— DATA PROVIDED —

──────────

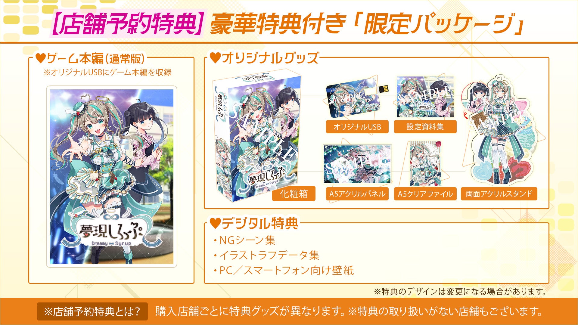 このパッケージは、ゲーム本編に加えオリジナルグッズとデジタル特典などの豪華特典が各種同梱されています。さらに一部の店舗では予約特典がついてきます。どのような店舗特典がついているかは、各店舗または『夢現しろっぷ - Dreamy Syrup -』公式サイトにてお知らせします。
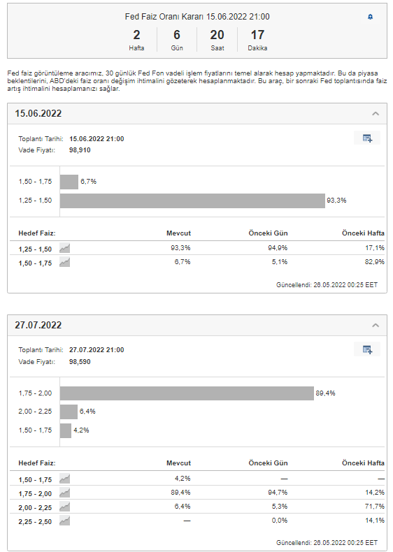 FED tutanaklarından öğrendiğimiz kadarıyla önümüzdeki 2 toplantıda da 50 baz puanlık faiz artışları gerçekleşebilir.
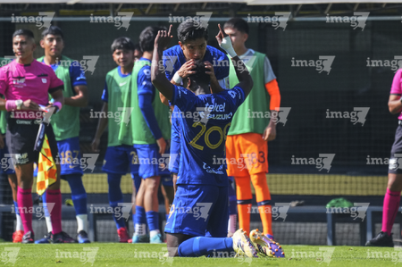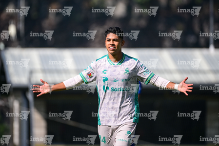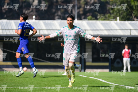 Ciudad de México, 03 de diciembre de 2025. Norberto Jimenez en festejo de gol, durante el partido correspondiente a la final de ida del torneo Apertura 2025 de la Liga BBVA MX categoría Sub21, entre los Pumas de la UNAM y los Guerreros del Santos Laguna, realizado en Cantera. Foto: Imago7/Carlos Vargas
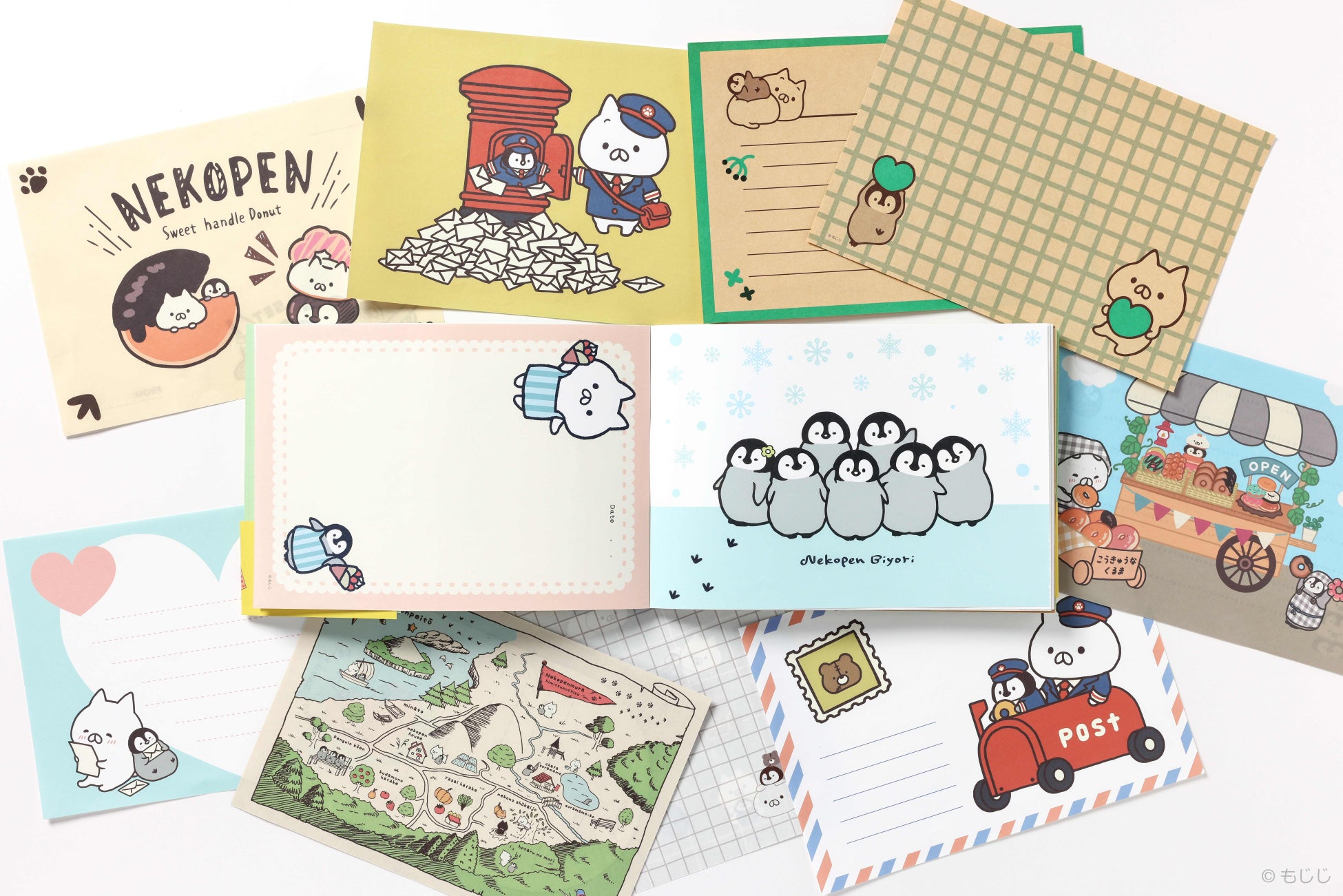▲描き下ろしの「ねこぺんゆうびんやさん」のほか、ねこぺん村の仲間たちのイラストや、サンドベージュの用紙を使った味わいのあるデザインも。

──────────

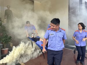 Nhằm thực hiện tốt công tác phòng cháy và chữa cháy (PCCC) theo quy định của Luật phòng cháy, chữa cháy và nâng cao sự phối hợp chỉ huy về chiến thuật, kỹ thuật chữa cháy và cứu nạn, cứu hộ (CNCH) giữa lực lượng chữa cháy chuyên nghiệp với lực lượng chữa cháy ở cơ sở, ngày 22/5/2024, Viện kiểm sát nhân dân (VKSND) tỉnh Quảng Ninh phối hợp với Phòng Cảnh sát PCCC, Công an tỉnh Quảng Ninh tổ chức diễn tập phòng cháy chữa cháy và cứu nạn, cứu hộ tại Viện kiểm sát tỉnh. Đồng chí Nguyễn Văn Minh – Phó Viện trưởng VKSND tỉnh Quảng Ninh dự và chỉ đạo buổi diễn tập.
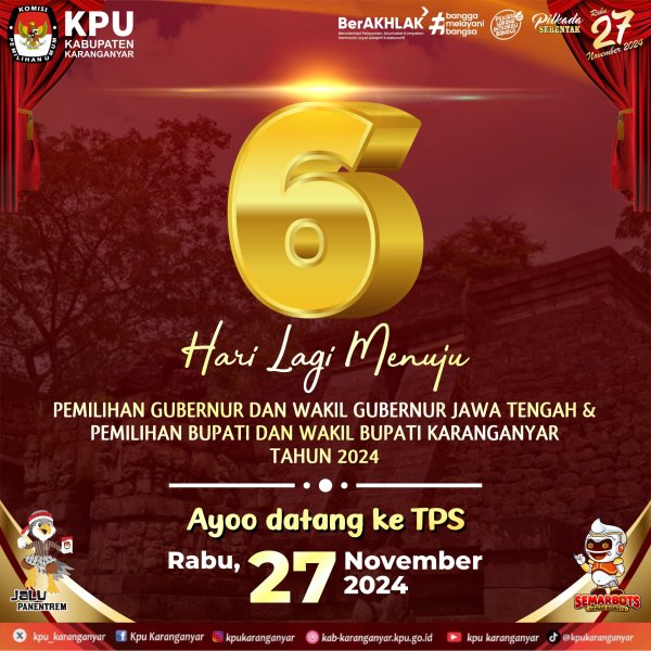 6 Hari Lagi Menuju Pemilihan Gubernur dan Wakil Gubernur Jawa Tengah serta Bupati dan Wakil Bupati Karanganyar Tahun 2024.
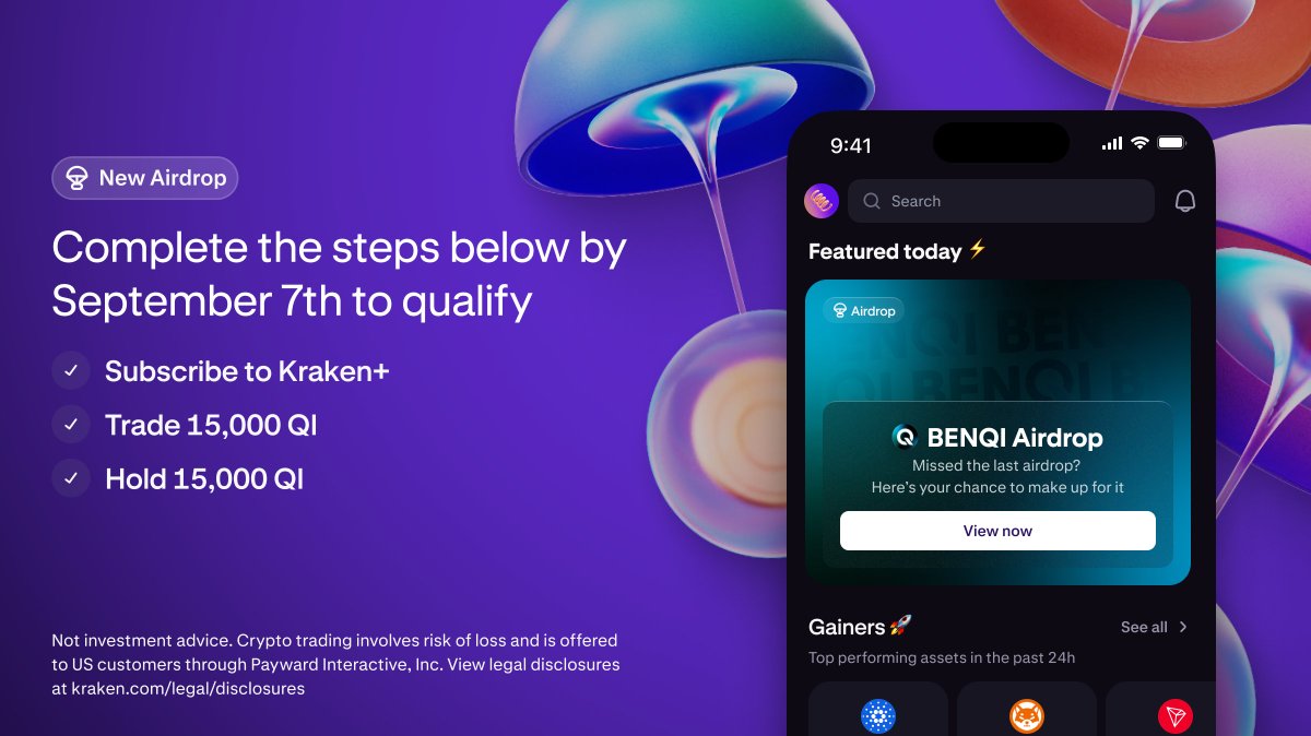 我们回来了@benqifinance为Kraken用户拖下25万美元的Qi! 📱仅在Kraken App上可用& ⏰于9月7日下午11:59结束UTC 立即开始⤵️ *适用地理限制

──────────

— EXERCISE —
Although pictures appear among the entries, please set down only the lines from the one with "Nhằm thực hiện" up to and including the one with "我们回来了@benqifinance为Kraken用户拖下25万美元的Qi! 📱仅在Kraken App上可用&", word for word.

— EXERCISE OUTPUT —
 Nhằm thực hiện tốt công tác phòng cháy và chữa cháy (PCCC) theo quy định của Luật phòng cháy, chữa cháy và nâng cao sự phối hợp chỉ huy về chiến thuật, kỹ thuật chữa cháy và cứu nạn, cứu hộ (CNCH) giữa lực lượng chữa cháy chuyên nghiệp với lực lượng chữa cháy ở cơ sở, ngày 22/5/2024, Viện kiểm sát nhân dân (VKSND) tỉnh Quảng Ninh phối hợp với Phòng Cảnh sát PCCC, Công an tỉnh Quảng Ninh tổ chức diễn tập phòng cháy chữa cháy và cứu nạn, cứu hộ tại Viện kiểm sát tỉnh. Đồng chí Nguyễn Văn Minh – Phó Viện trưởng VKSND tỉnh Quảng Ninh dự và chỉ đạo buổi diễn tập.
 6 Hari Lagi Menuju Pemilihan Gubernur dan Wakil Gubernur Jawa Tengah serta Bupati dan Wakil Bupati Karanganyar Tahun 2024.
 我们回来了@benqifinance为Kraken用户拖下25万美元的Qi! 📱仅在Kraken App上可用& ⏰于9月7日下午11:59结束UTC 立即开始⤵️ *适用地理限制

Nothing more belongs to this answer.